» **Requirement**
Exactly the lines from the one containing "The decked seaward" through the one containing "在当今数字化时代,社交媒体的" in the listing below are to be copied, with the pictures left out.

» **Excerpted data**
Start of Block

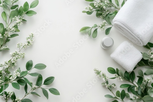 Refreshing spa day with soft towels and natural greenery for relaxation and self-care in a serene environment
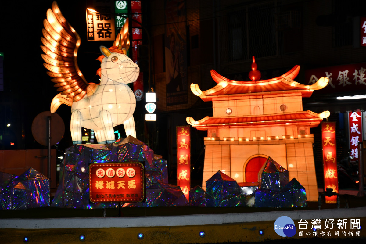 點燈儀式於10日晚間6時在慶安宮舉行,由彰化市長林世賢主持。燈區沿永樂街與民族路綿延約1,000公尺,設置4座主題城門意象燈飾,象徵古城歷史與文化傳承;三角公園圓環展出「祥城天馬」主題花燈,寓意吉祥迎春、福運降臨。彰化車站、彰化藝術館與市公所廣場前亦設置大型充氣「半半」公仔與燈籠牆,增添童趣與拍照亮點;慶安宮、關帝廟及聖王廟同步點亮花燈,共同妝點古城夜色。
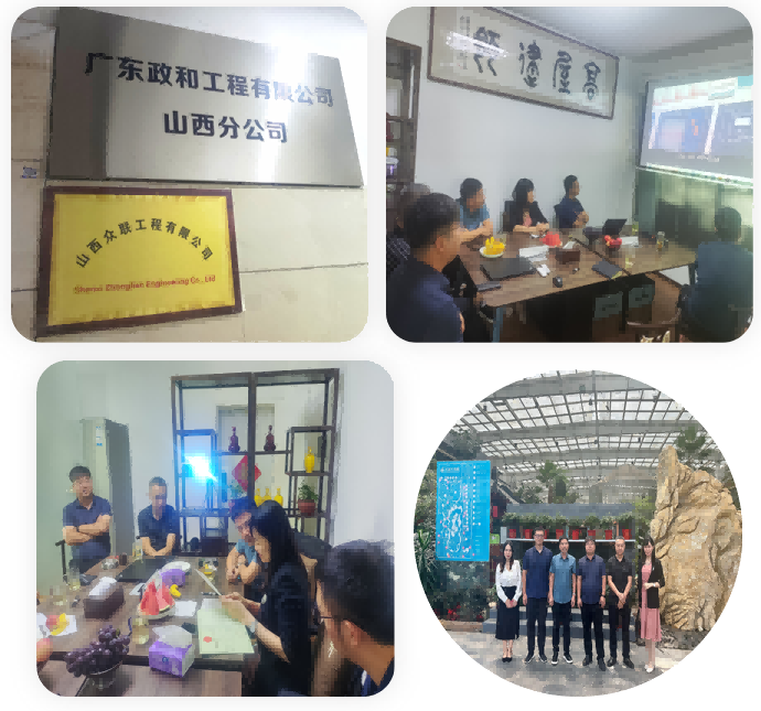 七月盛夏,灼熱的陽光沒能阻擋政和人前行的步伐,公司董事長李昌環、總經理王芳、副總經理曾天鷹以及工程中心助理李秀雯一行,於2023年7月16—23日為期7天前往魯晉冀浙4省6市政和分公司走訪交流,旨在相互學習,取長補缺,共享共贏。所到之處,深受各分公司熱情響應與積極交流,就分公司團隊管理、業務運營、技術特點、設計質量、市場痛點等共性話題切入討論交流,剖析當前設計市場中突出的問題,借鑒學習雙方先進經驗,共同維護好雙方利益和公司品牌。
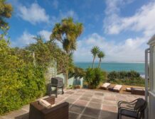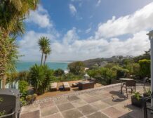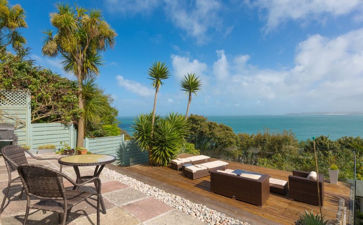 The decked seaward facing sun terrace leading from the conservatory has a matching set of rattan table and four chairs, a two-seat sofa and two chairs, two sun loungers and footstools.
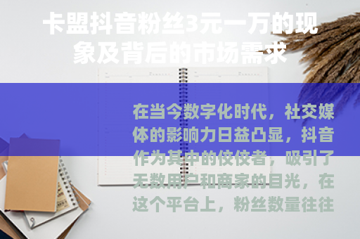 在当今数字化时代,社交媒体的影响力日益凸显,抖音作为其中的佼佼者,吸引了无数用户和商家的目光,在这个平台上,粉丝数量往往被视为一种重要的资产,它不仅代表着个人或品牌的受欢迎程度,还可能与商业价值紧密相连,而“卡盟抖音粉丝3元一万”的现象也随之悄然兴起。
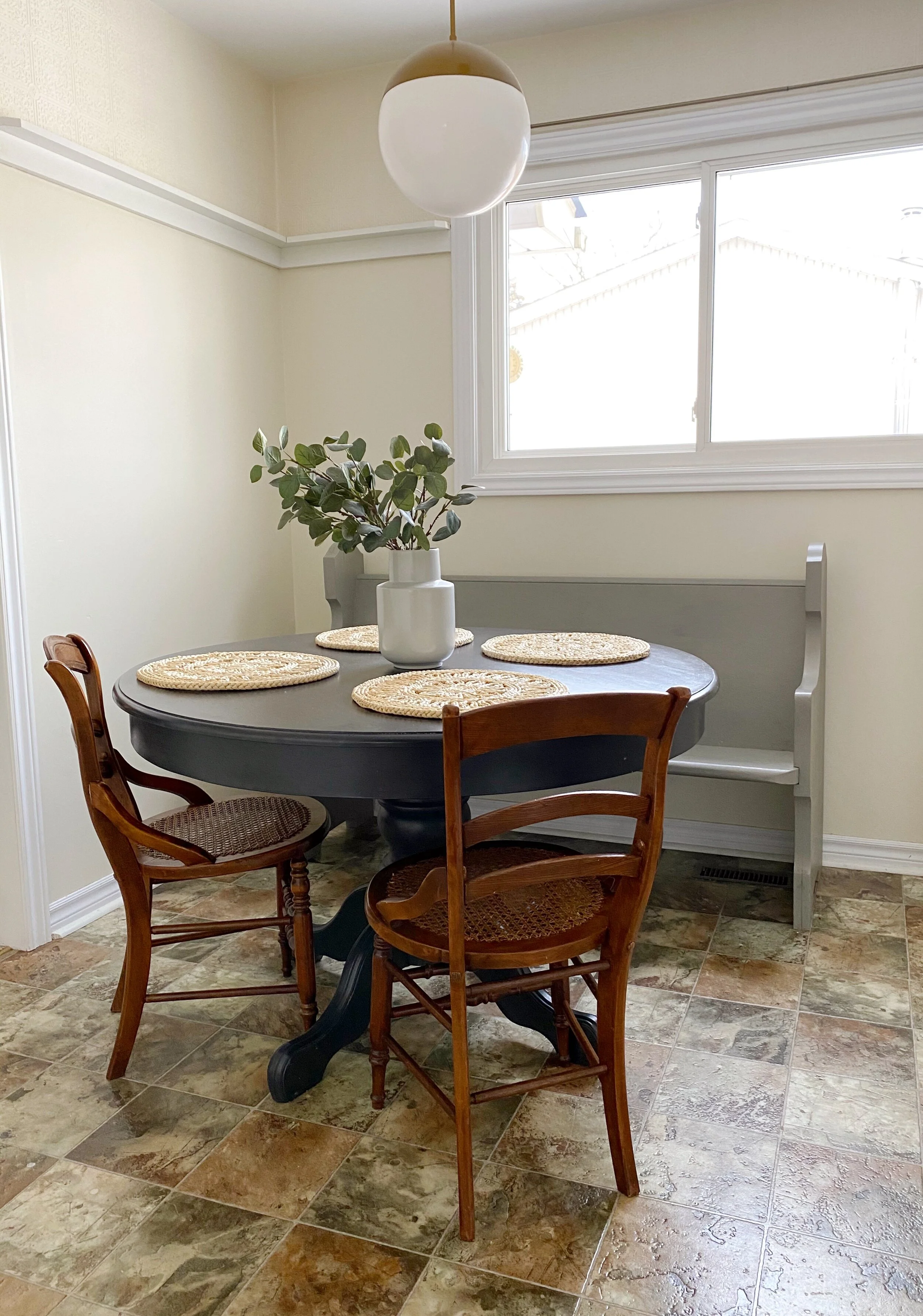 Sometimes the smallest changes can make the biggest impact. This past weekend, I lucked out on a buy-and-sell find of two beautiful antique wooden chairs that I could immediately envision in our eat-in kitchen. This little nook, though very far from perfect, is one of my favourite spots in our home. When we first moved in and needed a table, I sourced the beautiful round table from our local buy-and-sell and painted it with a deep charcoal chalk paint. I added an old church bench (which I purchased when my childhood church put the pews up for sale a few years ago) and an existing set of (poorly) painted chairs from the Habitat for Humanity Restore. This little space of collected furniture has served us well for the nearly two years we have lived here, but I always knew that I either wanted to refinish the tired old chipped chairs or find something new that could bring some warmth to this little corner.
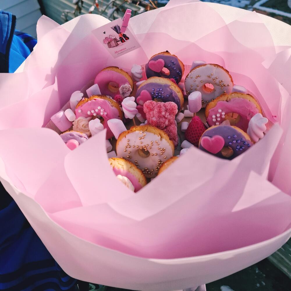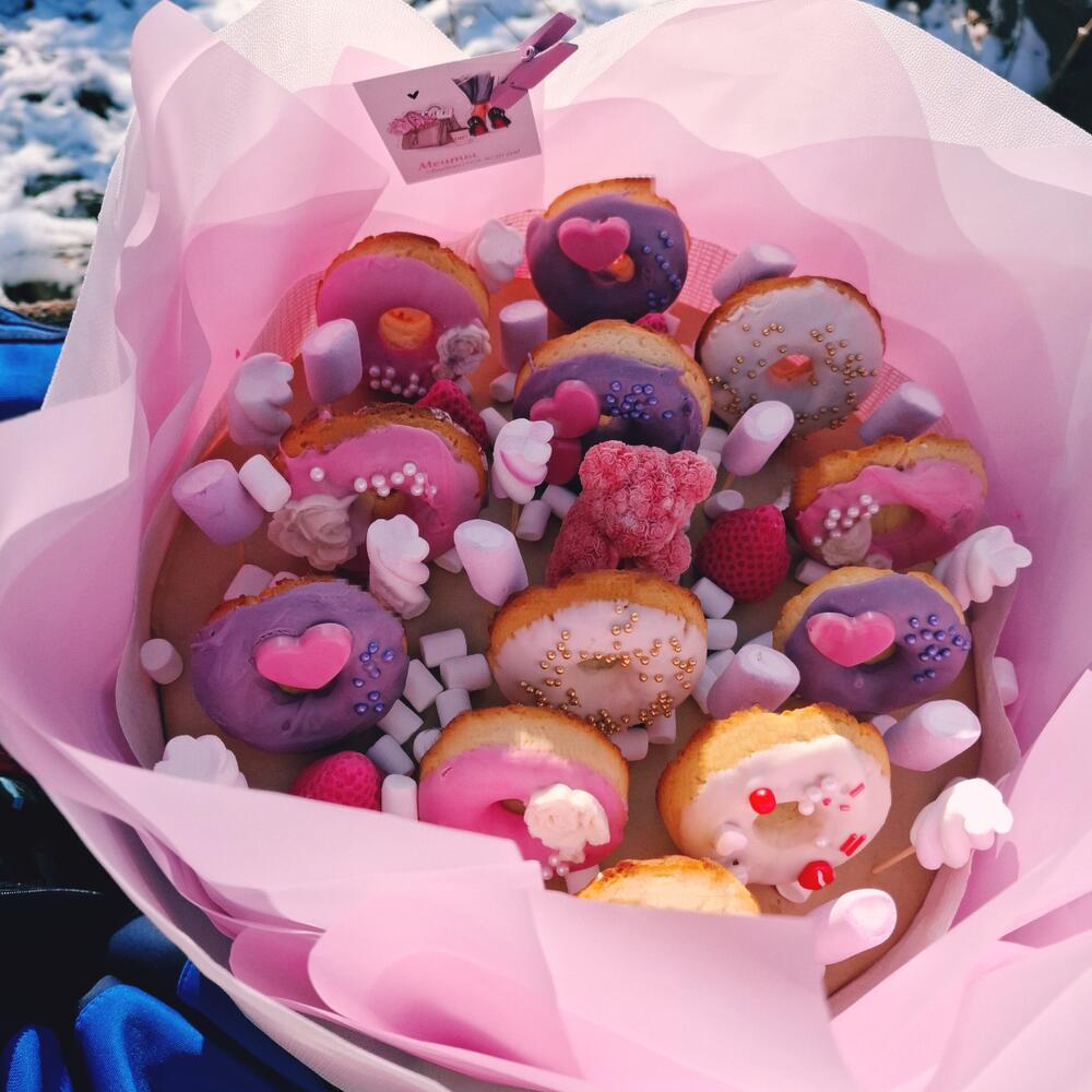 Букет из нежных пончиков в шоколадной глазури. Тают во рту.
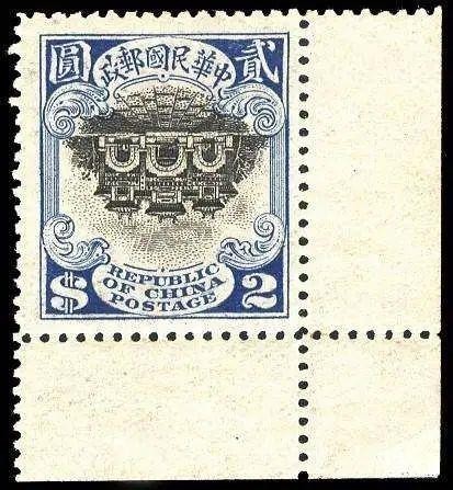 1913年宫门倒印票1913年首次发行中华民国邮票,面值为分、角、圆。全套有19种面值。该票为铜版双色套印。分值图案为帆船。
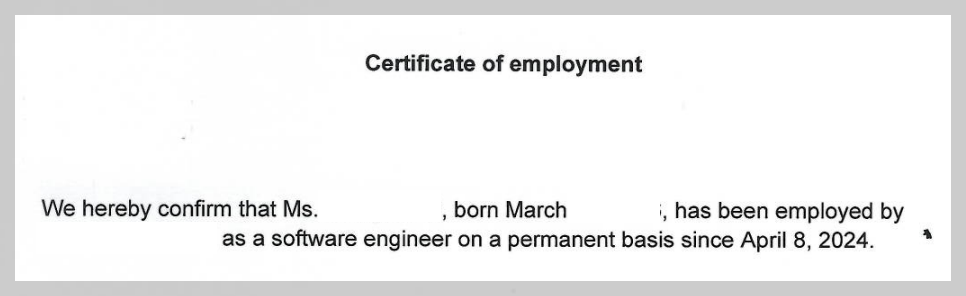 제 재직증명서에는 다음 내용이 포함되어 있었습니다:
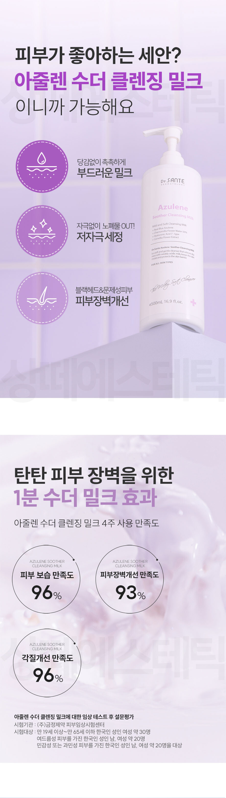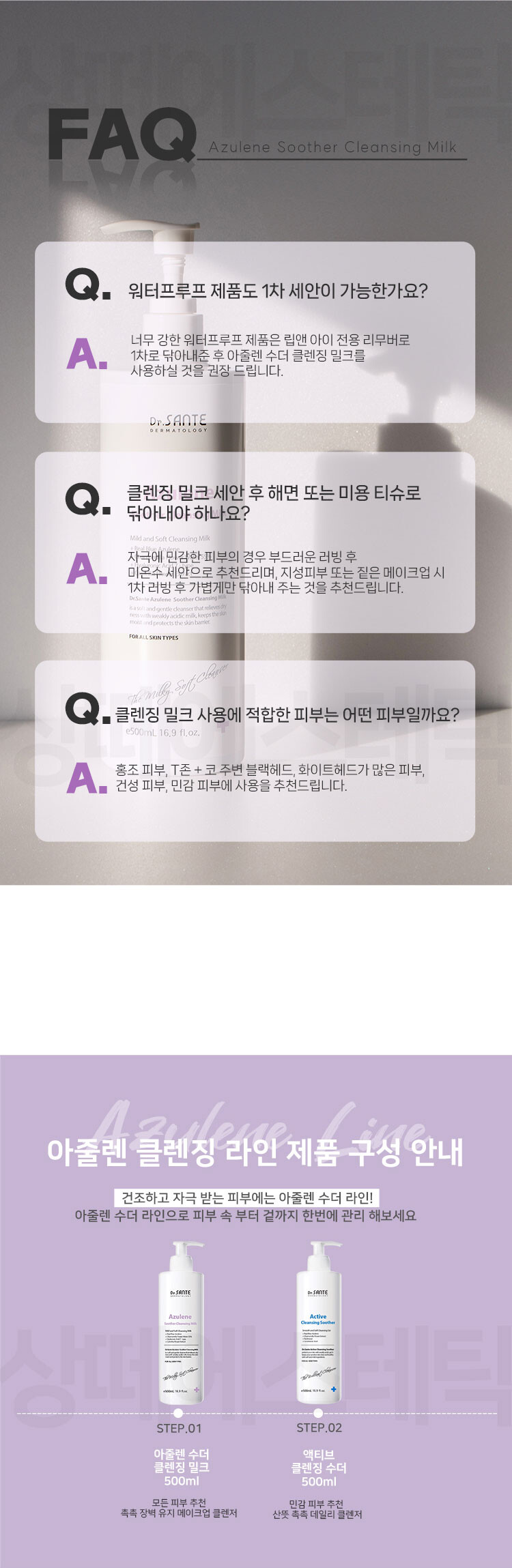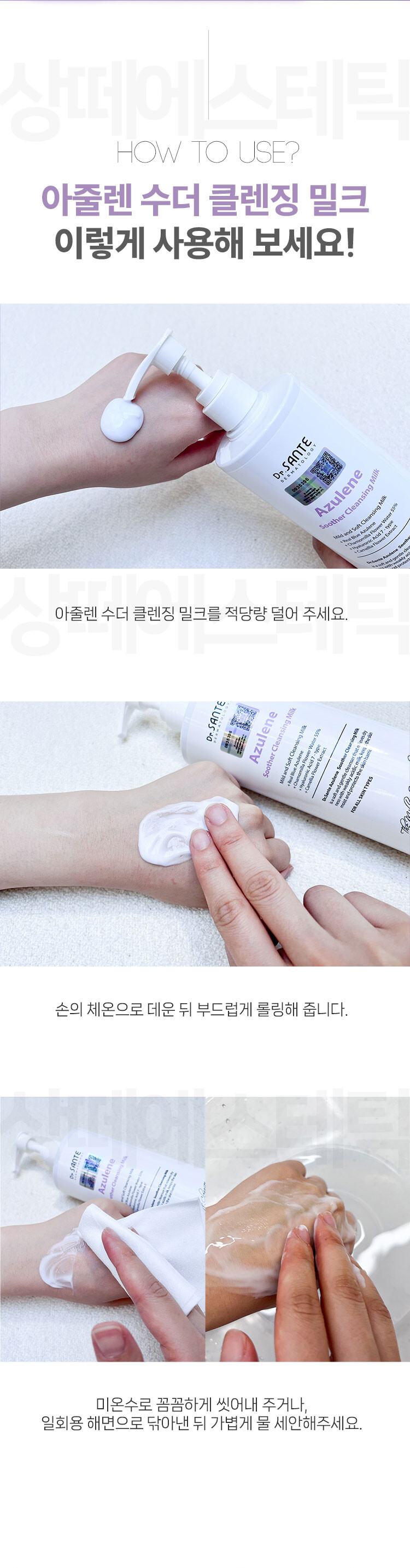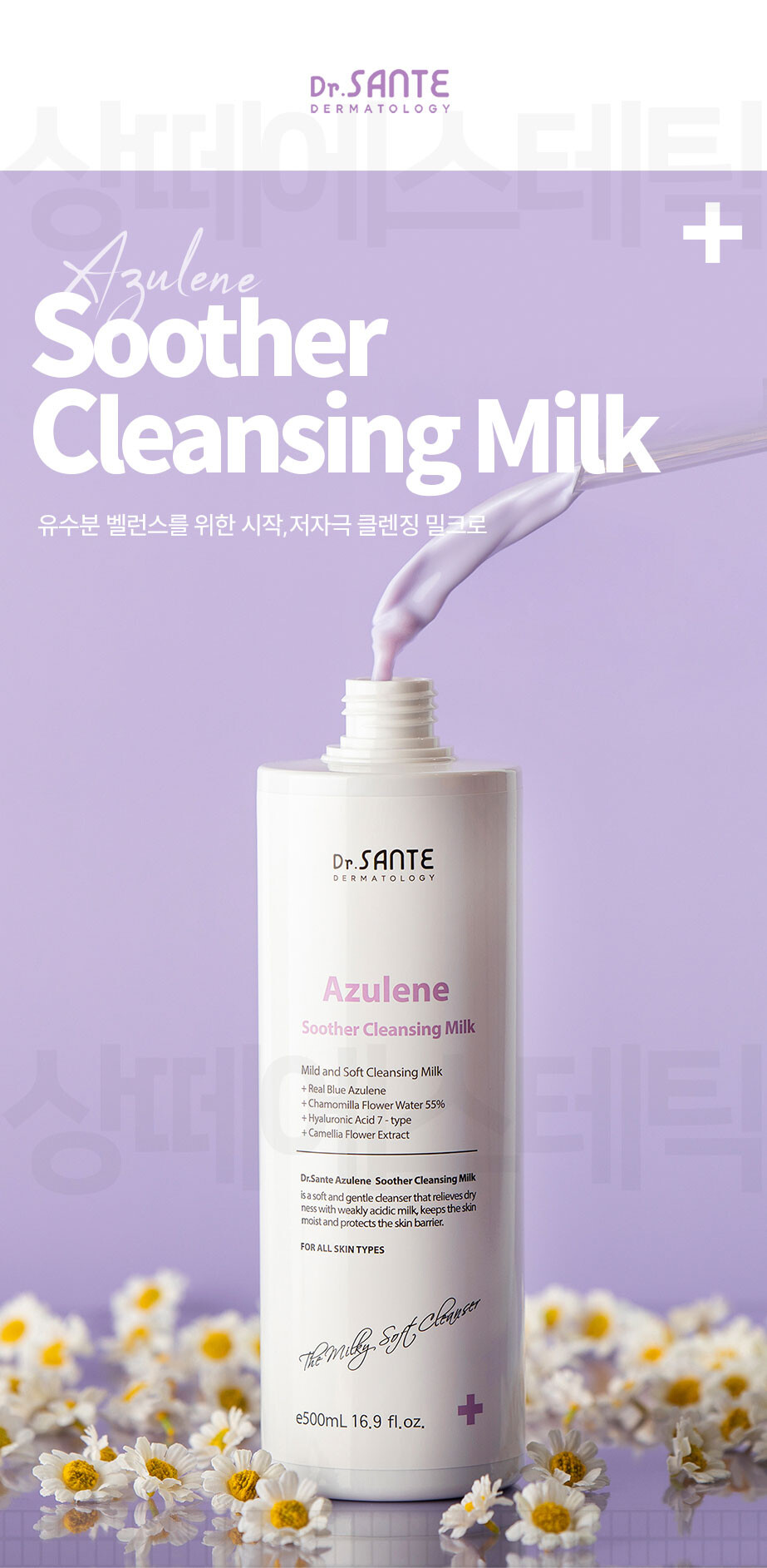 Sữa tẩy trang rửa mặt làm dịu da Dr.Sante Azulene Soothing Cleansing Milk vừa loại bỏ lớp trang điểm, dầu và tạp chất trong khi vẫn giữ được độ ẩm, giúp lỗ chân lông sạch sẽ và làn da của bạn thoải mái và ẩm mượt.

End of Block

» **Solution for this problem**
 The decked seaward facing sun terrace leading from the conservatory has a matching set of rattan table and four chairs, a two-seat sofa and two chairs, two sun loungers and footstools.
 在当今数字化时代,社交媒体的影响力日益凸显,抖音作为其中的佼佼者,吸引了无数用户和商家的目光,在这个平台上,粉丝数量往往被视为一种重要的资产,它不仅代表着个人或品牌的受欢迎程度,还可能与商业价值紧密相连,而“卡盟抖音粉丝3元一万”的现象也随之悄然兴起。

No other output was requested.